DATASET EXCERPT:
□ □ □ □ □ □ □

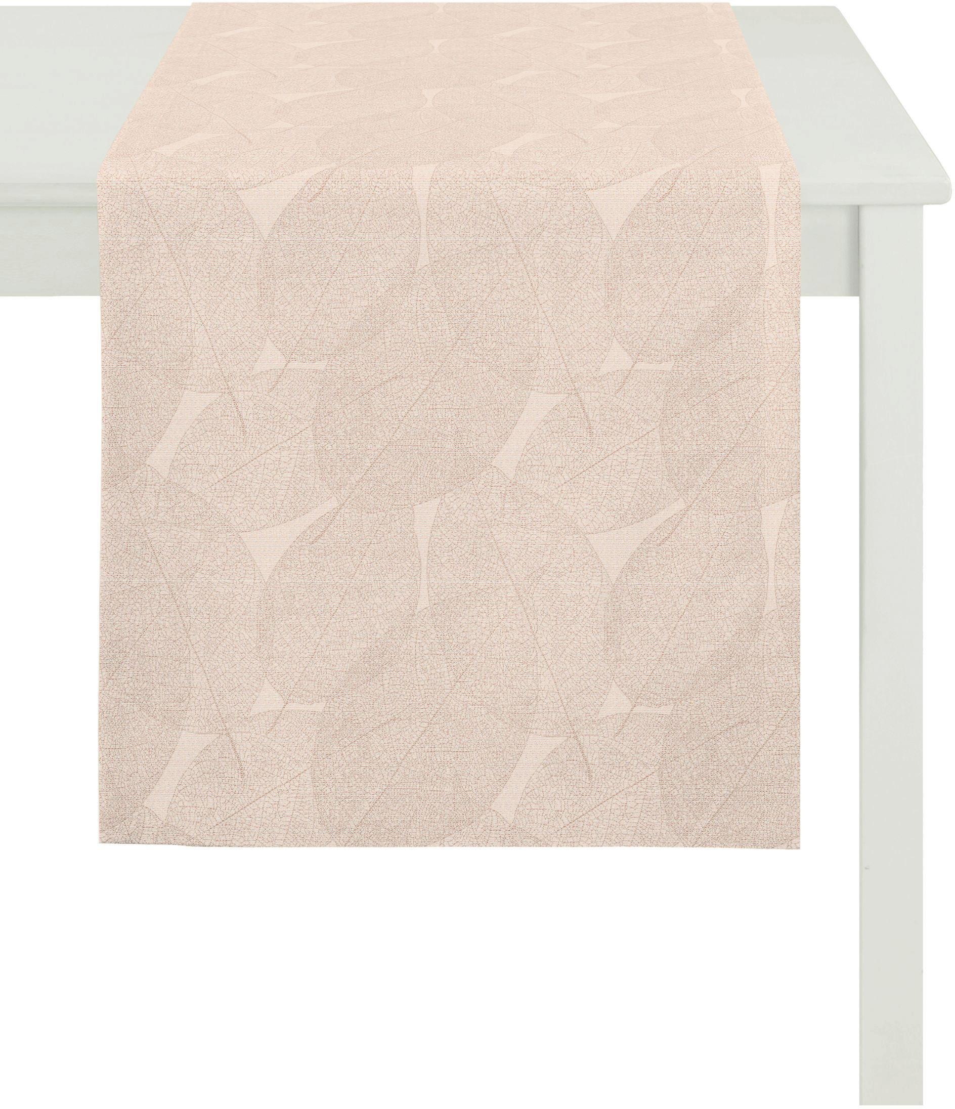 Apelt Tischläufer »3002 Christmas Elegance«. Ein textiler Klassiker für kultiviertes Wohnen von Apelt. Kunstvoll gewebtes Blattmotiv, veredelt mit Lurexfäden, als allover Muster gestaltet und in Jacquardtechnik gewebt. Erstklassige Verarbeitung. Das pflegeleichte, hochwertige Material besteht aus 100% Polyester. Geprüft nach STANDARD 100 by OEKO-TEX® und made in Germany.
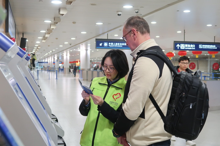 上海机场边检“百人外语志愿服务队”民警正在协助外国旅客办理入境手续。新华社记者唐斯琦 摄
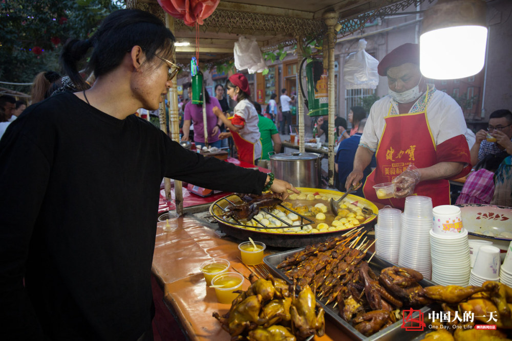 晚上十点多,周大帅忙完了一天的工作,在夜市上解决了晚饭。这位天生爱吃辣的湖南小伙子的口味被新疆美食折服,除了创业,食物也是让周大帅留下来的原因之一。

□ □ □ □ □ □ □

THE PROBLEM: A word-for-word copy of the material is required; pictures stay out of it.

TASK OUTPUT:
 Apelt Tischläufer »3002 Christmas Elegance«. Ein textiler Klassiker für kultiviertes Wohnen von Apelt. Kunstvoll gewebtes Blattmotiv, veredelt mit Lurexfäden, als allover Muster gestaltet und in Jacquardtechnik gewebt. Erstklassige Verarbeitung. Das pflegeleichte, hochwertige Material besteht aus 100% Polyester. Geprüft nach STANDARD 100 by OEKO-TEX® und made in Germany.
 上海机场边检“百人外语志愿服务队”民警正在协助外国旅客办理入境手续。新华社记者唐斯琦 摄
 晚上十点多,周大帅忙完了一天的工作,在夜市上解决了晚饭。这位天生爱吃辣的湖南小伙子的口味被新疆美食折服,除了创业,食物也是让周大帅留下来的原因之一。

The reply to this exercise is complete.